Do you use Windows Defender to protect your computer? If so, open up the Windows Task Manager (Ctrl + Shift + Esc or Start Menu > Task Manager), scroll through the list of background processes and you will find a process called Antimalware Service Executable and its corresponding file msmpeng.exe.
This process allows Windows Defender to continuously monitor your computer for potential threats and provide real-time protection against malware and cyberattacks. At the same time, however, it can also be the cause of disproportionately high CPU usage.
Another Windows Defender feature that may be responsible for slowing down your system is its Full Scan, which performs a comprehensive check of all files on your computer. Full Scan relies heavily on the CPU and is not afraid to use whatever resources your system has available; as a result, you may experience lag, delays, hanging and other system disruptions when it is running.
While it is normal for antivirus programs to consume system resources when running a scan, Windows Defender is far greedier than most. It is known to use excessive CPU for longer periods of time and carry out scans right when you’re waking up the computer to quickly send an email or check a website.
Although this can be frustrating, it’s important that you don’t disable Windows Defender without first installing another IT security solution – after all, it may be the only thing that stands between your computer and the bad guys! Let the program do its job, resolve any threats and then follow these steps to prevent the issue from happening again:
Fix #1: Change Windows Defender’s scheduling options
For most people, the high memory usage caused by Antimalware Service Executable typically happens when Windows Defender is running a full scan. We can remedy this by scheduling the scans to take place at a time when you’re less likely to feel the drain on your CPU.
- Open the Start menu, type “task scheduler” and click the top result to launch the program.
- In the navigation pane on the left, double click Task Scheduler Library.
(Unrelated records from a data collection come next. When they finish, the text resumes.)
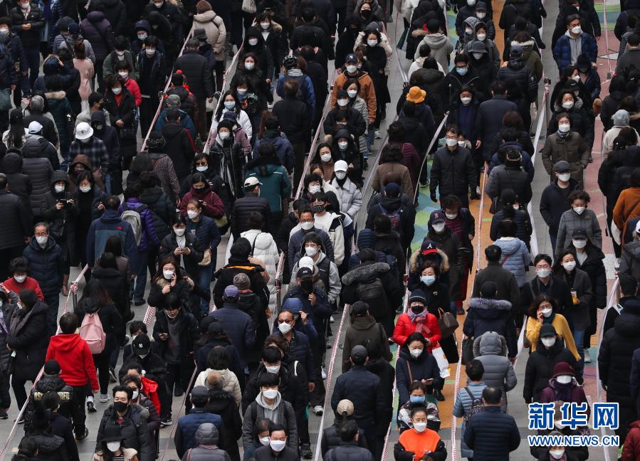 3月3日,人们在韩国首尔的百货商店外排队购买口罩。新华社记者 王婧嫱 摄
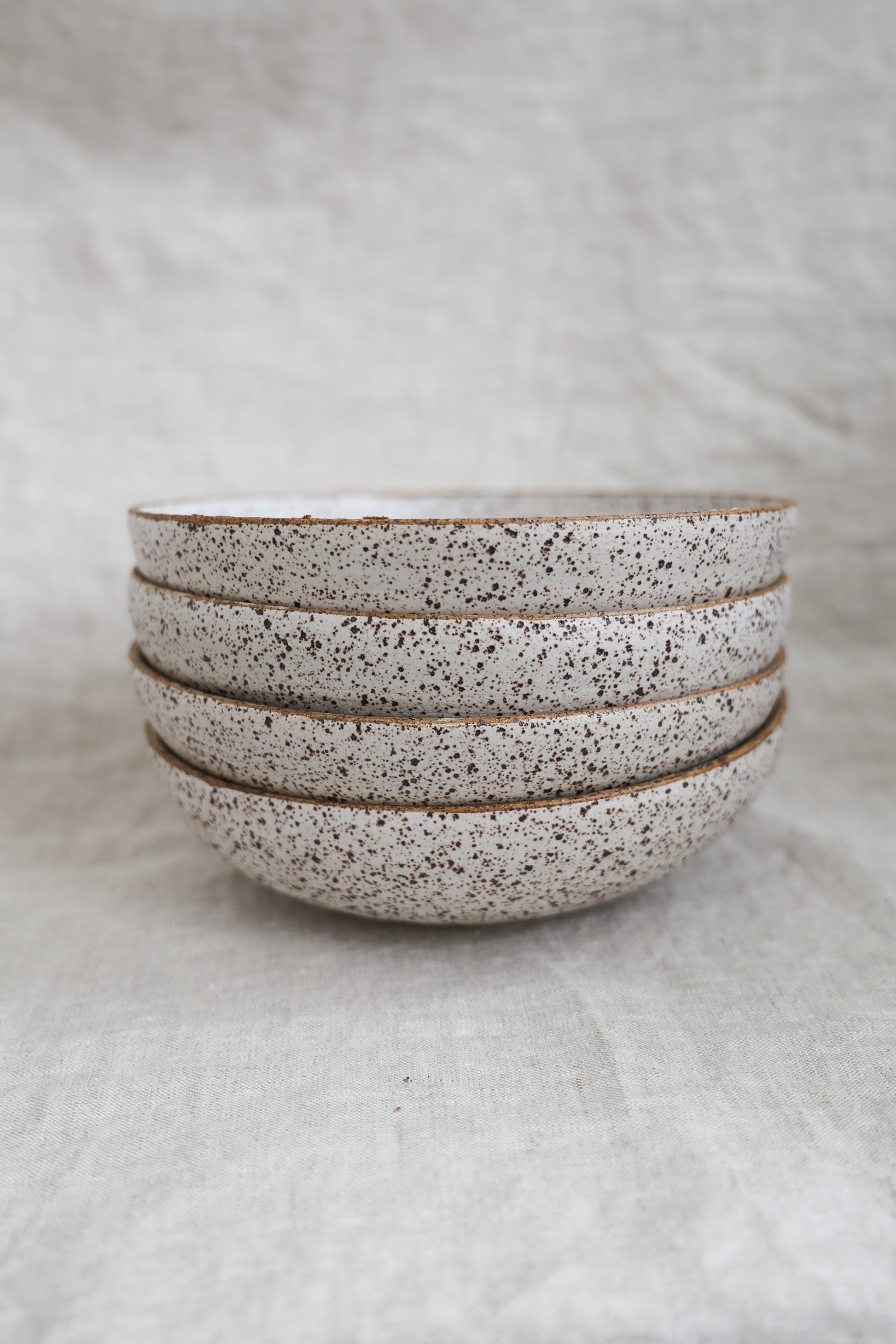 These rustic pasta bowls are made for everyday use. Each bowl is wheel-thrown and finished in a matte white speckled glaze, with a raw rim that shows the natural speckled tan clay beneath. No two bowls are exactly alike.
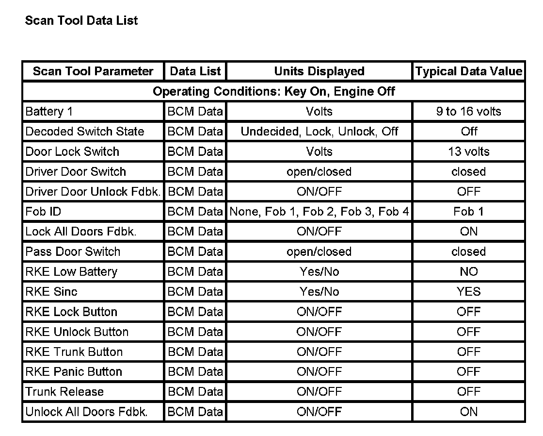 Scan Tool Data List:

Continue to expand these folders and navigate to the following destination: Library/Microsoft/Windows/Windows Defender.
- When you have opened the Windows Defender folder, double click Windows Defender Scheduled Scan, located in the middle pane.
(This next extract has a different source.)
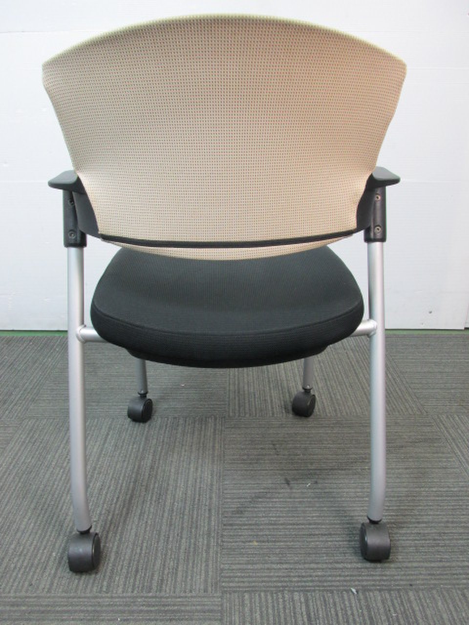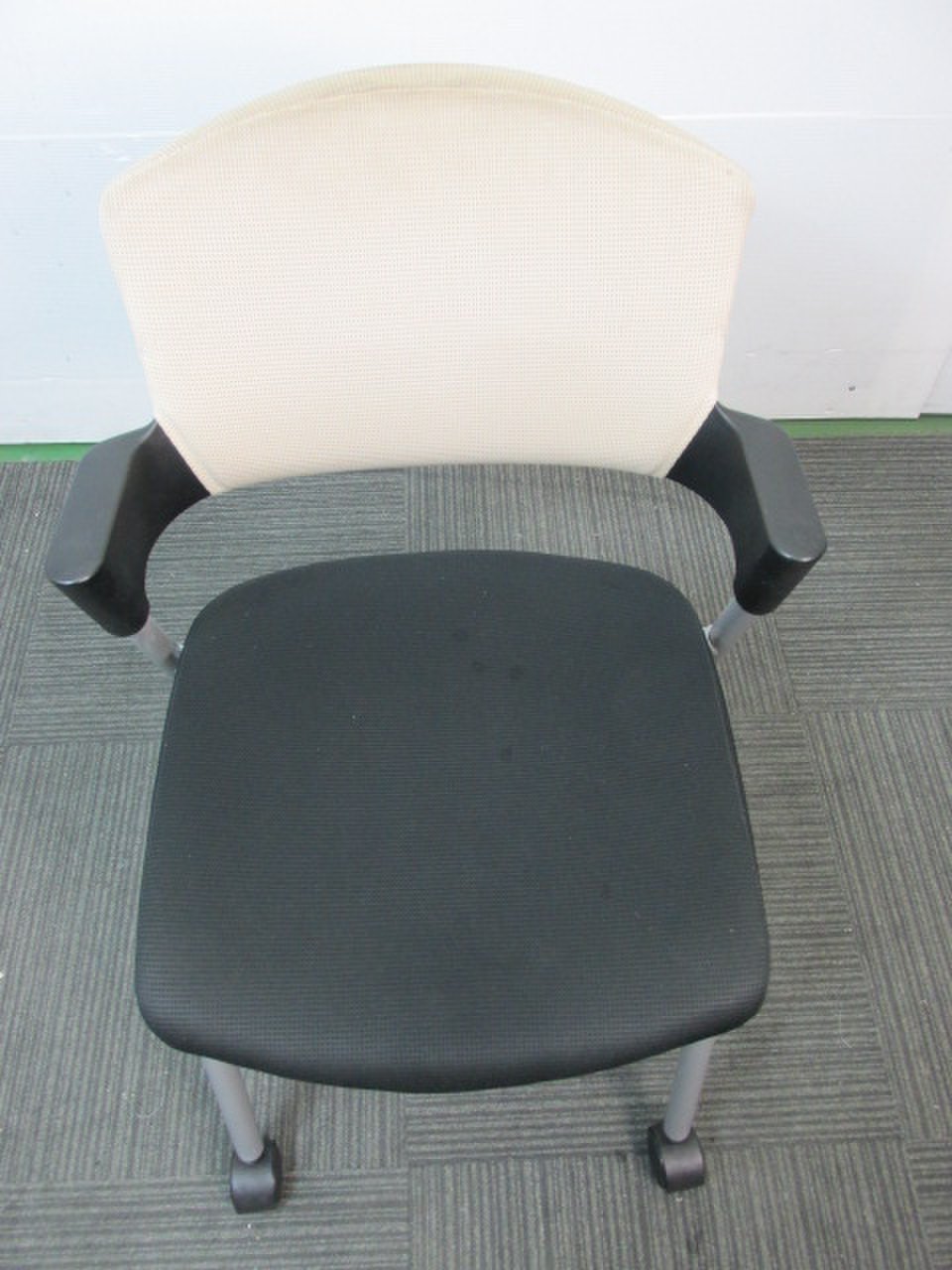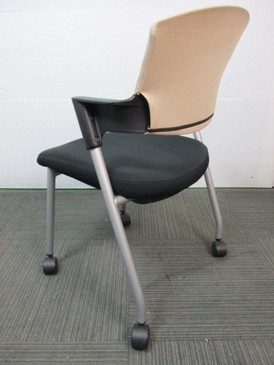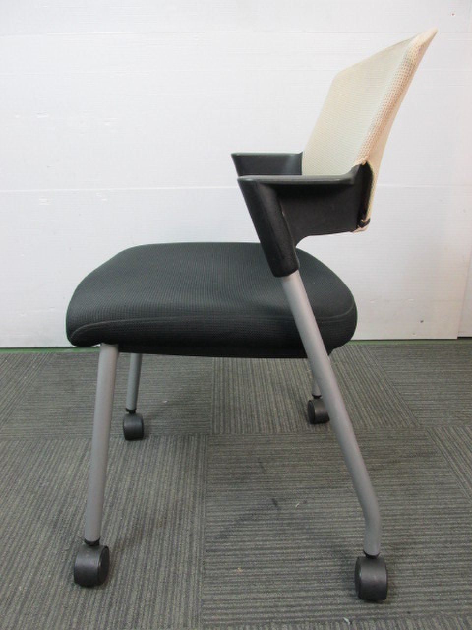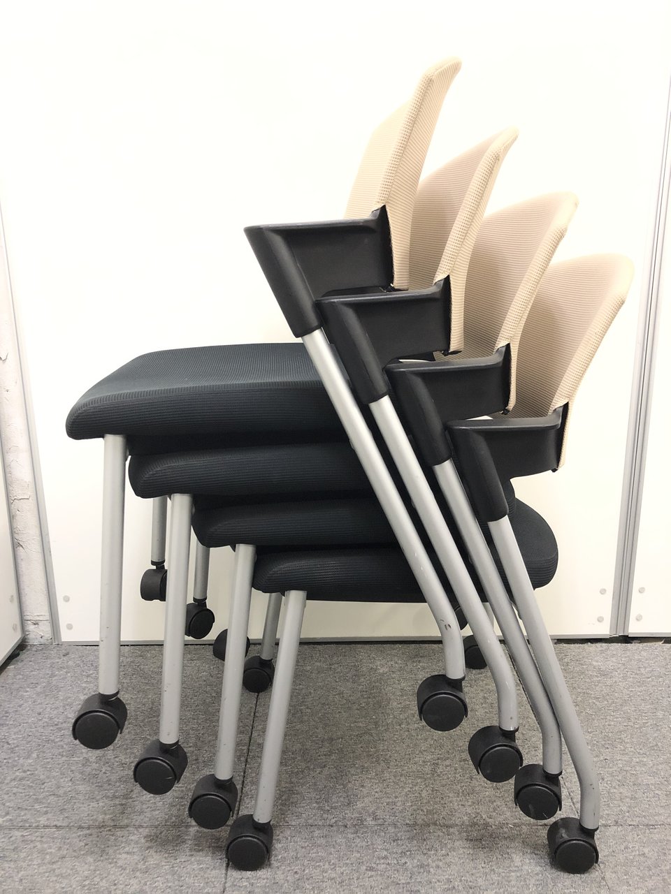 肘付き・キャスター付きの積み重ね可能なスタッキングチェアでございますので

- Click the Conditions tab, uncheck all optionsand click OK. This will clear your scheduled scans.
- To protect your computer, it is important to schedule some new scans, but we can do this in a way that will reduce the impact on your system’s performance. To do so, double clickWindows Defender Scheduled Scan, select the Triggers tab and click New.
- Create a new scan schedule that suits your needs, selecting options that strike the balance between protection and system efficiency. As a guideline, we recommend (at minimum) weekly scans at a time when you’ll be unlikely to notice the increased CPU usage.
- Repeat the process for the three remaining services (Windows Defender Cache Maintenance, Windows Defender Cleanup, Windows Defender Verification) found in the Library/Microsoft/Windows/Windows Defender folder.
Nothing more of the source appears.